He set off again, no wiser and still afraid.
Then he noted something.
A deep silence.
He stopped.
Normally the Labyrinth was awash with strange noises that snuffled and scuttered at the edges of the path like invisible predators waiting to rend apart those unwary enough to misstep.
But now there was nothing.
It was as if the Labyrinth itself was holding its breath… As if it had caught the scent of an even fiercer predator drifting through the darkness.
Scarcely a dozen paces would take him to the hallway of the Armoury and the bright sunlit images of the Orthlundyn countryside carried there by Anderras Darion’s intricate maze of mirror stones. From thence, through the now ever-open wicket door, he would enter the Armoury itself to be amongst the cornfield rows of points and edges glittering in that same sunlight.
If Orthlund was still there.
He dashed the thought aside and pressed on quickly, counting his footsteps and striving to ignore the deafening silence.
But at the last turn, where light should have greeted and embraced him, there stood only columns, watching, waiting, in the Labyrinth’s dull twilight.
He heard a rasping, terrified breath as his body responded to the sight. Gavor slapped his wings. Both sounds fell dead in the leaden air.
‘I… I made no mistake, surely?’ Hawklan stammered as the pounding of his heart threatened to overwhelm him.
‘Not that I noticed, dear boy,’ Gavor replied, equally unsteadily.
Despair came in the wake of the initial shock, washing over him in full flood now, black and choking. Andawyr had thought him near the heart of what was happening. So had many others, not least Sumeral Himself. But what was he now? A dismal fugitive lost in this dreadful place where the least sound could be woven into a shrieking that would leave a man mindless, or into an avalanche roaring that would break him as surely as falling rocks themselves.
He could not move.
He had made no error, he was sure. He couldn’t have.

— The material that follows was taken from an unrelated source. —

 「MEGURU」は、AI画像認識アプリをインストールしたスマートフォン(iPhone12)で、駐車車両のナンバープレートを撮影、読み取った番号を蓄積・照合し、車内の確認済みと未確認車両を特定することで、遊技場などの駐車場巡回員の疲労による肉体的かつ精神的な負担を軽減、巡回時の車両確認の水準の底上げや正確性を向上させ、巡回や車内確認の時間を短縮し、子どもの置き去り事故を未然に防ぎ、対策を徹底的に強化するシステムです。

His deeper nature held the Labyrinth in too great awe to allow any confusion of the mind to so mislead him.
‘Change,’ Gavor said.
Hawklan started at the sound.
‘The Traveller said that to use the pathways of the Labyrinth is to change them.’
Hawklan grasped at Gavor’s words.
‘Not the path to the Armoury, though,’ he said, struggling to recall Gulda’s account of her meeting with the Traveller. ‘At least, not perceptibly. What did he say? It changes like the mountains, mote by mote?’

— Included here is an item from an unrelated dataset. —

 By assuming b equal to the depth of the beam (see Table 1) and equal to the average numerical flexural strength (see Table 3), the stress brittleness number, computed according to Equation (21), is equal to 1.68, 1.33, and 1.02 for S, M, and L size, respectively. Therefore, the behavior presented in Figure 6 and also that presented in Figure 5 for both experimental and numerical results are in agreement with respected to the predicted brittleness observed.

‘For all we know, the mountains have vanished like the Labyrinth hall,’ Gavor retorted flatly. ‘And he did say there was a great turbulence in the Labyrinth.’
Despite the implications of what Gavor was saying, Hawklan felt their exchange steadying him.

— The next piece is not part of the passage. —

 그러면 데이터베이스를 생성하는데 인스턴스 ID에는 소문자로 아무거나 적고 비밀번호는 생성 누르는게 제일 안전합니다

‘There are other paths, he said.’
‘He also said that most of them change like the trembling of a leaf in the wind.’
Hawklan looked again at where the entrance to the Armoury should have been.
Nothing.
Just the blank, ominous columns, their presence sensed as much as seen in the gloom that pervaded the Labyrinth. He knew that, whichever way he looked, this would be what greeted him. His despair returned, undiminished. He had faced dangers before, dangers that might have seen him killed and that he would only too willingly have avoided, but dangers that he was nevertheless prepared to accept by virtue of the role he had accepted – the role his skills best suited him for: healer, protector. But there was a futility here that bore down on him like the weight of the castle itself looming high above this grim place. Dying in the course of opposing a greater power was a bitter enough prospect, but to die here – to drown in his own screams – for nothing – while…
While what?
While the world and everything – everyone – in it plunged into some nameless cataclysm that perhaps some action on his part might have prevented.
That was bitter beyond any swallowing.
He realized that he was clenching and unclenching his hand painfully. He could feel again the black sword slipping from his grip and tumbling into the darkness. His arm twitched as he tried to recover it.
Could so slight a thing – the loss of a single weapon, however fine – be so significant now?
Yes, his instinct told him, even though the links of cause and effect that would make it so were neither foreseeable then, nor calculable by hindsight now.
‘I think we’d better do something, dear boy,’ Gavor said, fidgeting nervously. ‘We can’t just stand here.’
Hawklan opened his hand and gently rubbed it with the other as if to reassure it that it bore no guilt in the loss of the sword. Values deeply imbued in him and rehearsed constantly since his coming to this time began to reassert themselves.
He was alive.
He might be dead very soon, but then he might not be, and to cloud the present certainty with a future uncertainty was not only to mar the present but might bring about that feared future.
‘Yes,’ he replied, straightening up and carefully turning round.
The scene was as he had expected. Identical in all directions.
Well, whatever had happened to the hall hadn’t happened to the Labyrinth, he thought bleakly. And it was still silent.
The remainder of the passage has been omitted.